Un été très chaud s’annonce pour les magistrats. Les rangs des magistrats devront connaître un large mouvement dans les semaines qui viennent, apprend-on de sources judiciaires. C’est un des plus importants mouvements que l’on prépare  pour le corps de la magistrature au Maroc, confie-t-on à Libé. Début de la semaine prochaine, la commission, chargée de cette mission, composée de onze magistrats, doit se réunir au Conseil supérieur de la magistrature afin d’entamer ses premiers travaux pour l’examen de la liste des magistrats qui seront concernés par le prochain mouvement, selon les mêmes sources judiciaires. Ces dernières précisent que des changements internes seront effectués au niveau de plusieurs tribunaux du Royaume, notamment ceux de Casablanca, Marrakech et Rabat.
A ce propos, des sources informées ont  confié à Libé qu’« il y a actuellement une crise réelle de la  relève. D’autant qu’on n’a pas bien préparé les jeunes magistrats pour assumer des postes de responsabilité, tel celui de présidents de tribunal, par exemple ». A signaler que la liste définitive n’est pas encore prête mais on attend que la commission en charge  entame ses travaux pour statuer à ce sujet.

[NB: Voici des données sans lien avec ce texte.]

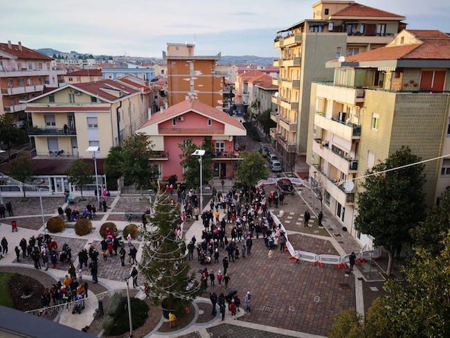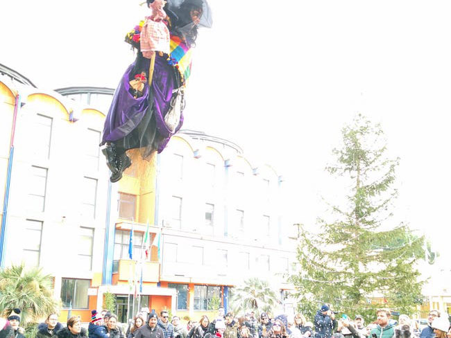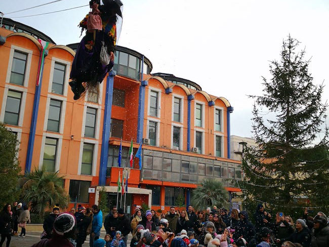 MONTESILVANO – Le befane sono arrivate dal tetto del municipio ed è stata una grande festa per i tanti bambini di Montesilvano che le hanno accolte in piazza Diaz. Anche quest’anno, infatti, si è rinnovata la manifestazione del Volo dell’angelo, organizzata dalle associazioni Nuovo Saline e Natura Abruzzo. Oggi pomeriggio, a partire dalle 15, sette befane, tutti componenti delle due associazioni a cominciare dalla presidente di Nuovo Saline, Halyna Fenytska, sono scese dal tetto del municipio e hanno portato ai bambini doni, dolci e caramelle, offerti da alcune attività commerciali cittadine, il bar Daniels, il bar Fuori dal Comune e la ditta Falcone.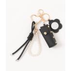 チャーム ミラー付き リップケース バッグチャーム キーホルダー|リップホルダー 口紅 パール スマホストラップ レディース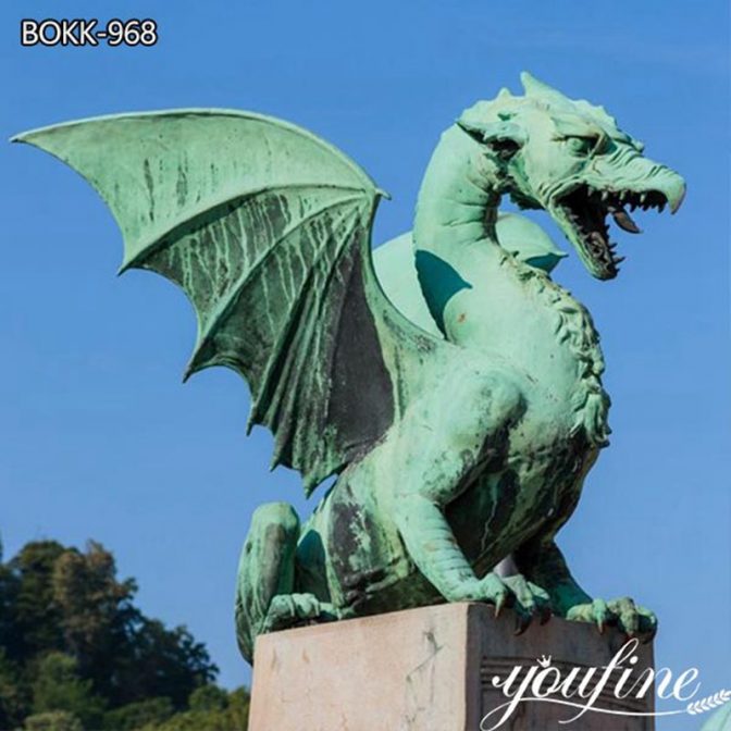 This is one of the popular large dragon statues for sale at the YouFine factory. YouFine uses chemical patina to make its surface color extremely natural and beautiful. We could see a pair of bat-like wings growing on the back of this western dragon, and its mouth is open, revealing sharp teeth. A pair of sharp big eyes make people dare not look at him. We all know that Western dragons often have evil meanings, and when they are angry, they would continuously shoot fireballs from their mouths to attack. Although its representative meaning is not so positive, the culture, statues, film, and television related to the dragon are still deeply loved by people.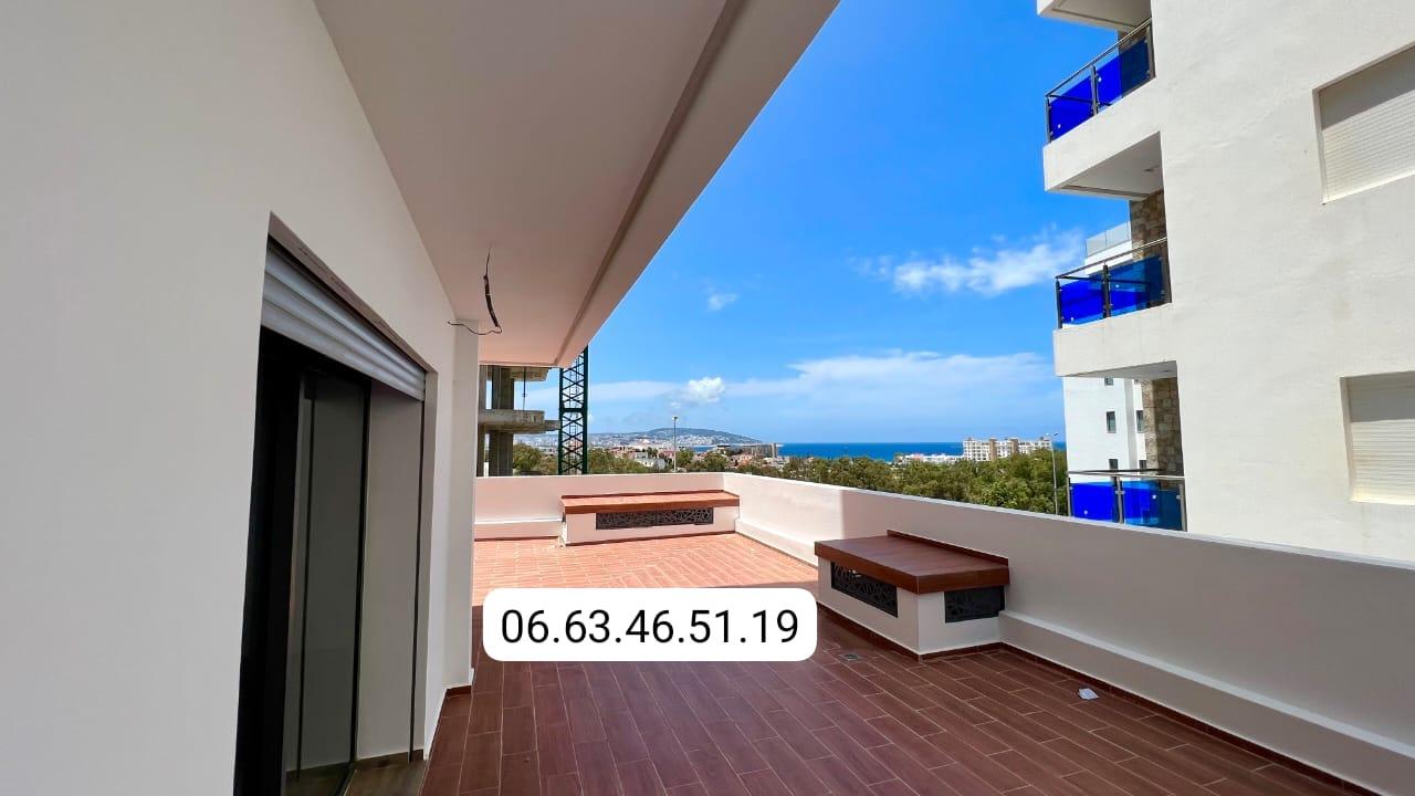 شقة فاخرة للبيع في طنجة مطلة على البحر تقع في مجمع مراقب بالكاميرات مع حمام سباحة . مكونة من 4 غرف نوم، 1 صالون ، 1 مطبخ مجهز. مسا...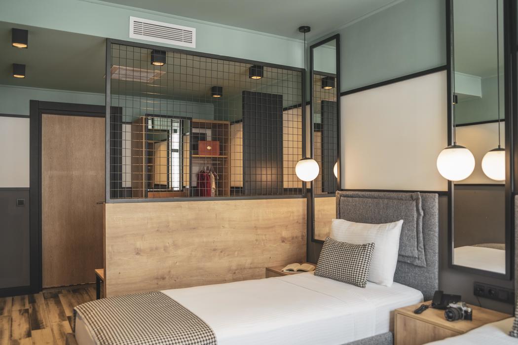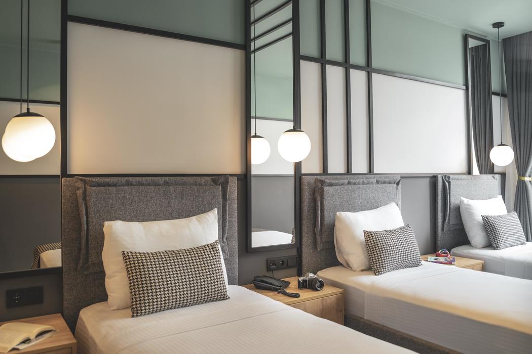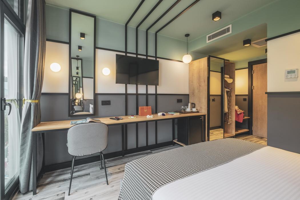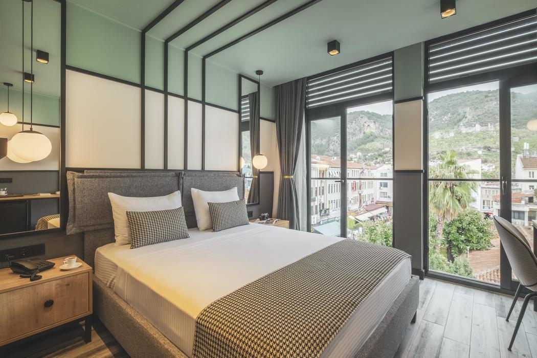 Açıklama: Fransız balkonlu olup 3 kişilik konaklamaya elverişlidir. Odada 3 adet tek kişilik yatak bulunuyor. Talebe göre çift kişilik yatağa dönüştürülebilir. Odalarda duşakabinli banyo, banyo malzemesi, terlik, 82”HD TV, Digiturk yayını, Wifi, VRF merkezi ısıtma (manuel kumanda edilebilir) para kasası, saç kurutma makinesi, banyo havlusu, mini bar (boş olarak) su ısıtıcı, bardak, fincan, çay kahve (günlük yenilenir)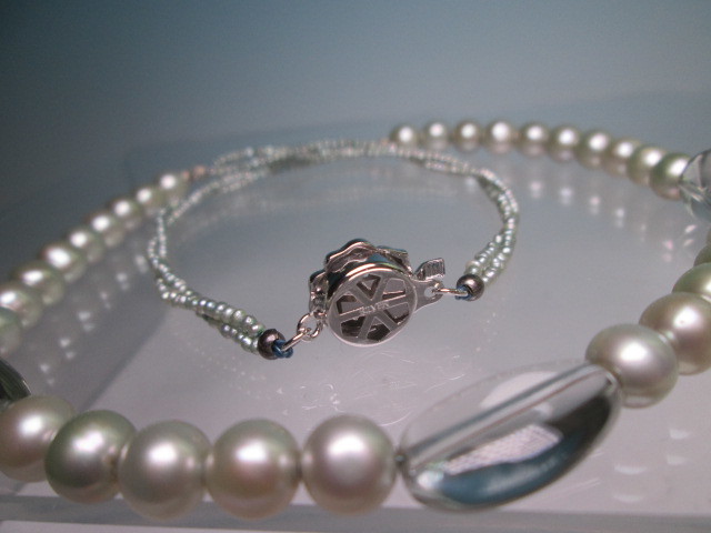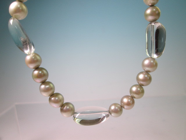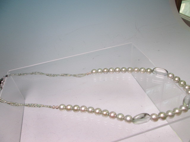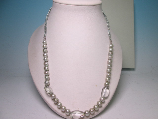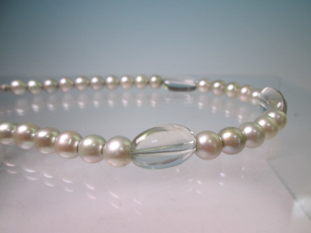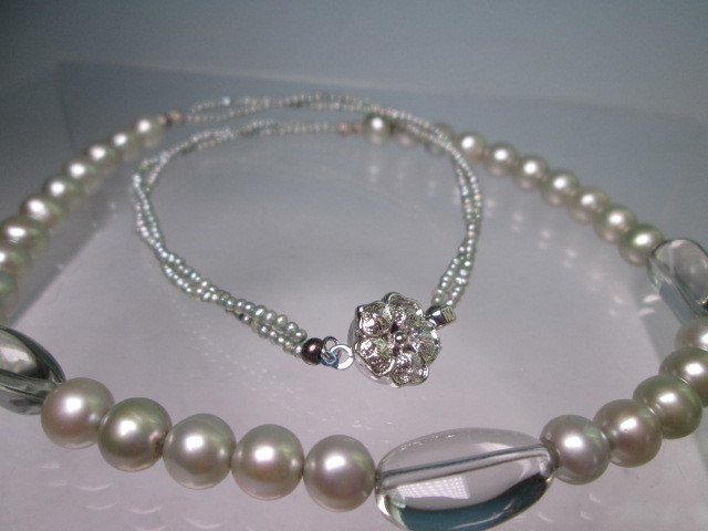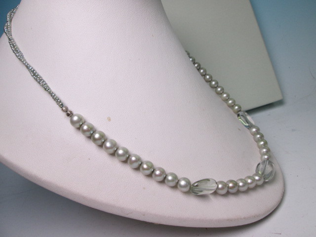☆SILVER 本真珠&本水晶&ビーズのデザインネックレス 24g ケース付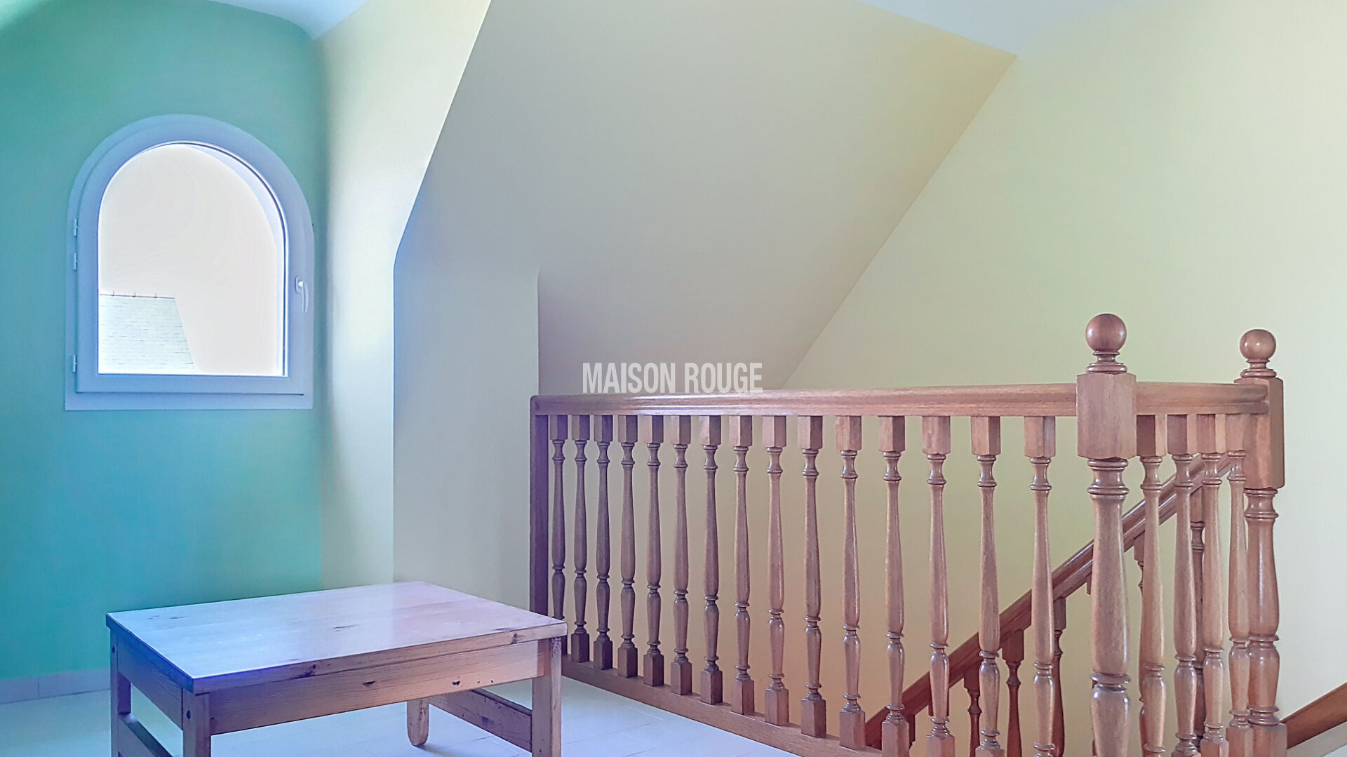 À l'étage, un large escalier en bois mène à une mezzanine desservant trois grandes chambres lumineuses ainsi qu'une vaste pièce offrant un potentiel d'aménagement supplémentaire. Une salle de bains ainsi qu'un second WC indépendant complètent ce niveau.

Ce prochain mouvement suscite déjà les interrogations des membres  du Club des magistrats du Maroc (CMM). « On n’est pas encore au courant de ce prochain mouvement. Mais si tel est le cas, je dois souligner qu’au sein du CMM, on estime que tous les mouvements entrepris depuis l’arrivée de Mustapha Ramid, surtout ceux qui nous concernent, nous, magistrats membres du Club, sont des opérations à caractère politique », tient à souligner Mohamed Anbar, vice-président du Club. Il ajoutera, non sans inquiétude : «Ces changements surviennent souvent pour des considérations autres que professionnelles ». Et d’expliquer :  « Il n’y a pas de transparence. La liste est toujours préparée au gré des humeurs du ministre, lui-même, qui s’implique personnellement. Sachant que cette implication du ministre est anti-constitutionnelle. Depuis qu’il a été désigné ministre de la Justice et des Libertés, il n’a pas réussi à régler les vrais problèmes des magistrats. Les mesures disciplinaires qu’il a prises à l’encontre des magistrats membres du Club sont, toutes, anticonstitutionnelles ».